DESCRIPTION OF THE TASK -> Nothing but an exact repeat of the data, with pictures removed, belongs in the answer.

STORED DATA ->
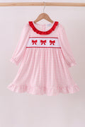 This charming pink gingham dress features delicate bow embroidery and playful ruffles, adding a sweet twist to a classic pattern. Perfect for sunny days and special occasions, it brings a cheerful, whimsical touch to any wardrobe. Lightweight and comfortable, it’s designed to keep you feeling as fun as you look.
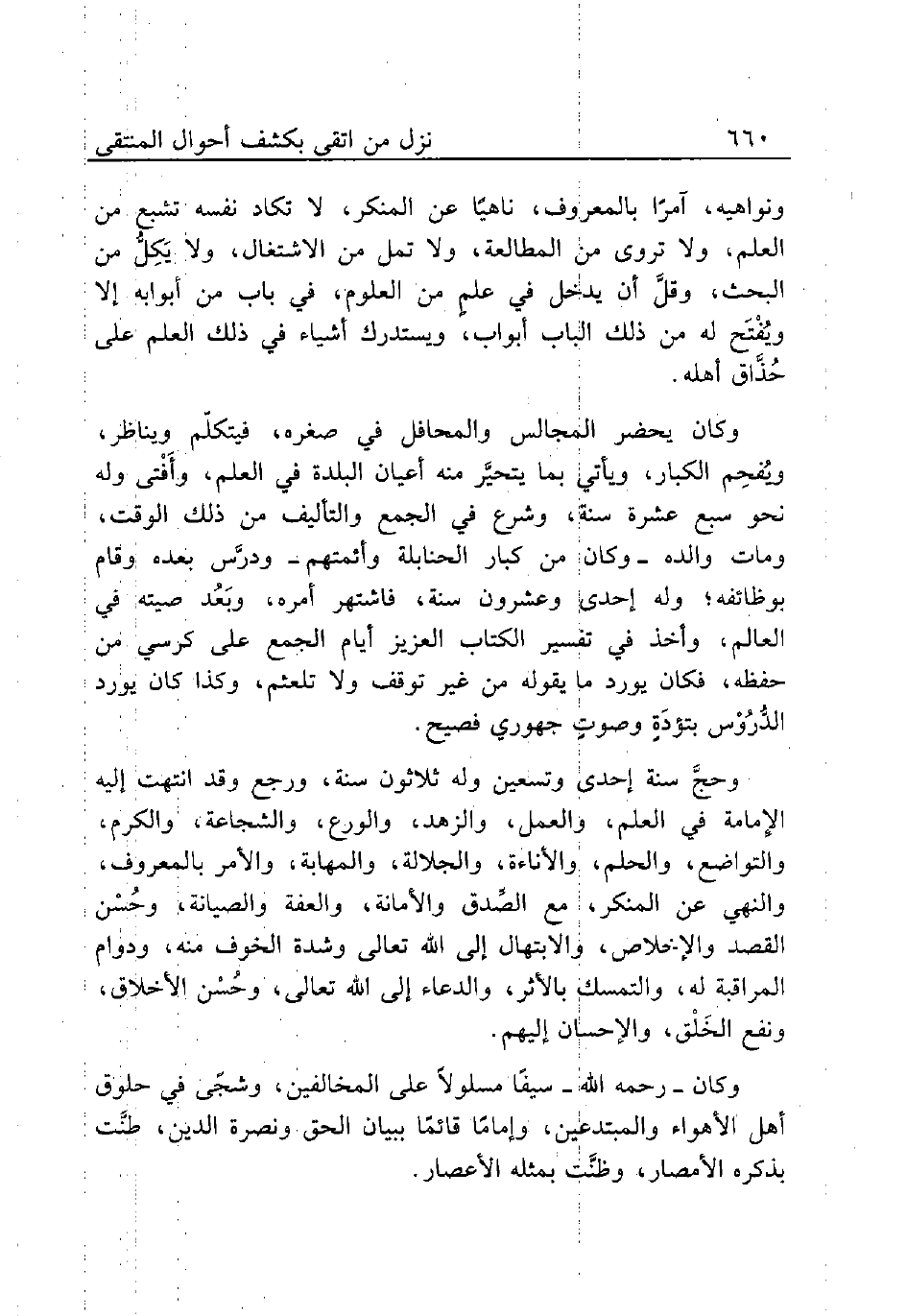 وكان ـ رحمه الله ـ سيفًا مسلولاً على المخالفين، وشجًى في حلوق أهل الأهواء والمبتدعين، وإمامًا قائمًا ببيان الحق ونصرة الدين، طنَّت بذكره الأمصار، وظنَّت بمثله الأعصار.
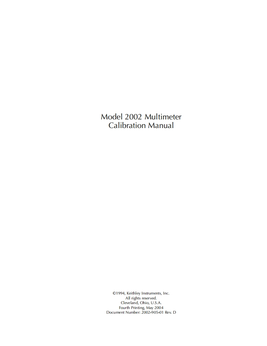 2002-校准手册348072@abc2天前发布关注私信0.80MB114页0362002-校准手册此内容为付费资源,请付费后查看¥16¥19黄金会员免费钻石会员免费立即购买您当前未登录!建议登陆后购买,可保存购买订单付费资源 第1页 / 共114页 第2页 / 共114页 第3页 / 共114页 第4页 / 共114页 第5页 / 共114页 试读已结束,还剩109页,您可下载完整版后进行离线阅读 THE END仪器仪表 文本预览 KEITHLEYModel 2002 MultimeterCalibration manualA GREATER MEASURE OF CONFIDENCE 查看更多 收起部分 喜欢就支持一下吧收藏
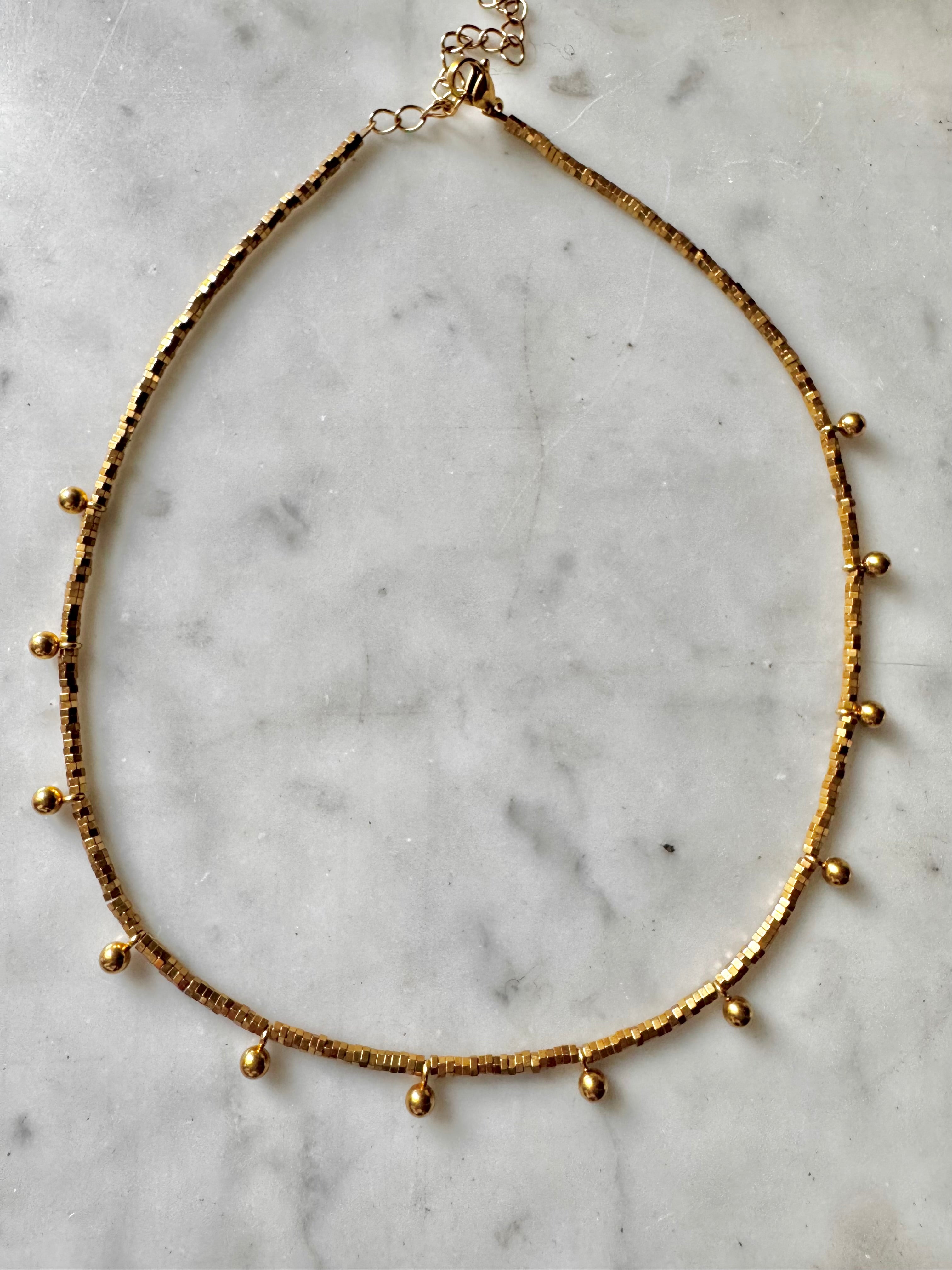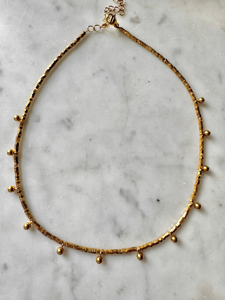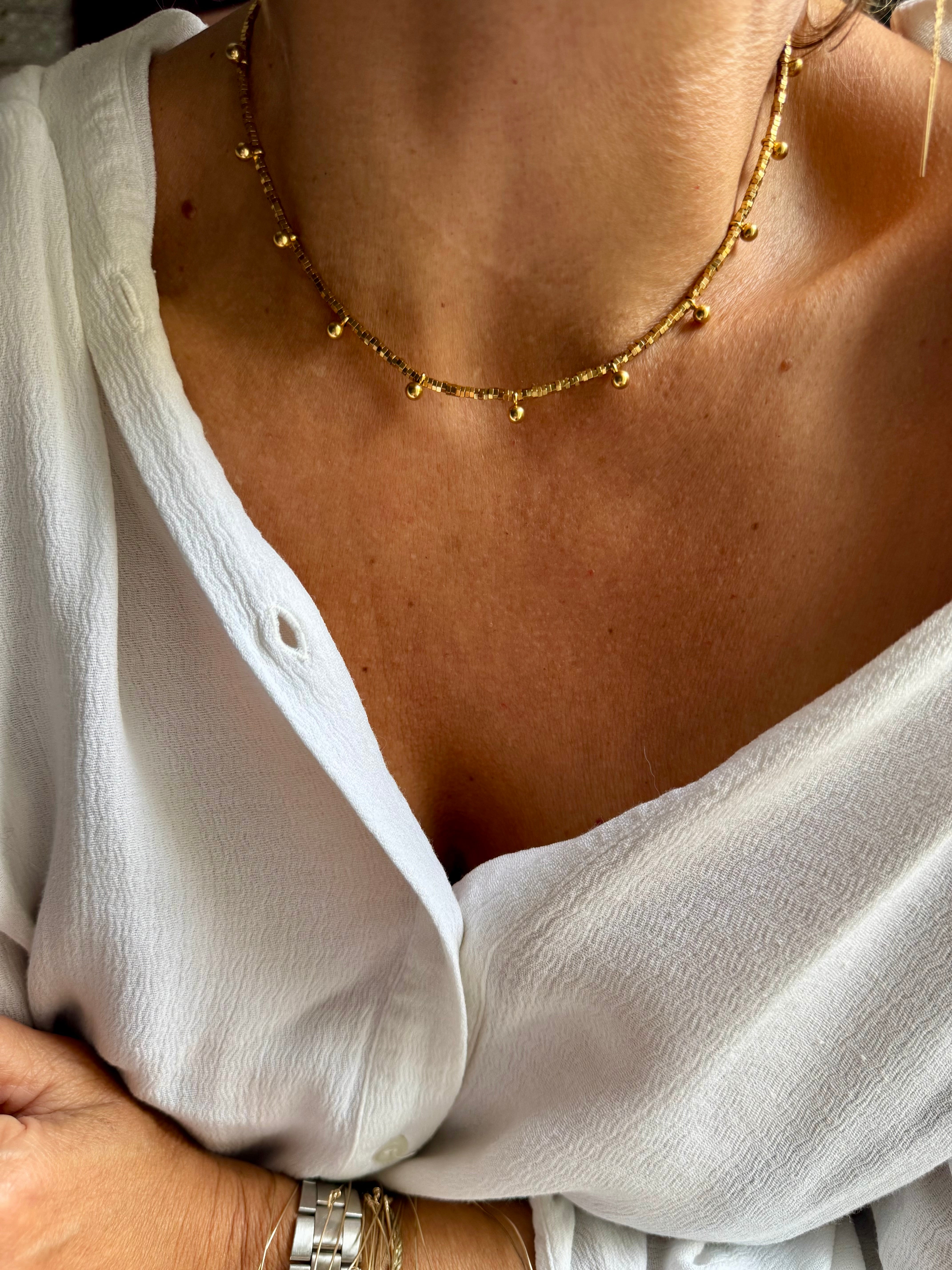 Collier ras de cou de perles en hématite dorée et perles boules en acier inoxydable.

RESULT FOR THIS TASK ->
 This charming pink gingham dress features delicate bow embroidery and playful ruffles, adding a sweet twist to a classic pattern. Perfect for sunny days and special occasions, it brings a cheerful, whimsical touch to any wardrobe. Lightweight and comfortable, it’s designed to keep you feeling as fun as you look.
 وكان ـ رحمه الله ـ سيفًا مسلولاً على المخالفين، وشجًى في حلوق أهل الأهواء والمبتدعين، وإمامًا قائمًا ببيان الحق ونصرة الدين، طنَّت بذكره الأمصار، وظنَّت بمثله الأعصار.
 2002-校准手册348072@abc2天前发布关注私信0.80MB114页0362002-校准手册此内容为付费资源,请付费后查看¥16¥19黄金会员免费钻石会员免费立即购买您当前未登录!建议登陆后购买,可保存购买订单付费资源 第1页 / 共114页 第2页 / 共114页 第3页 / 共114页 第4页 / 共114页 第5页 / 共114页 试读已结束,还剩109页,您可下载完整版后进行离线阅读 THE END仪器仪表 文本预览 KEITHLEYModel 2002 MultimeterCalibration manualA GREATER MEASURE OF CONFIDENCE 查看更多 收起部分 喜欢就支持一下吧收藏
 Collier ras de cou de perles en hématite dorée et perles boules en acier inoxydable.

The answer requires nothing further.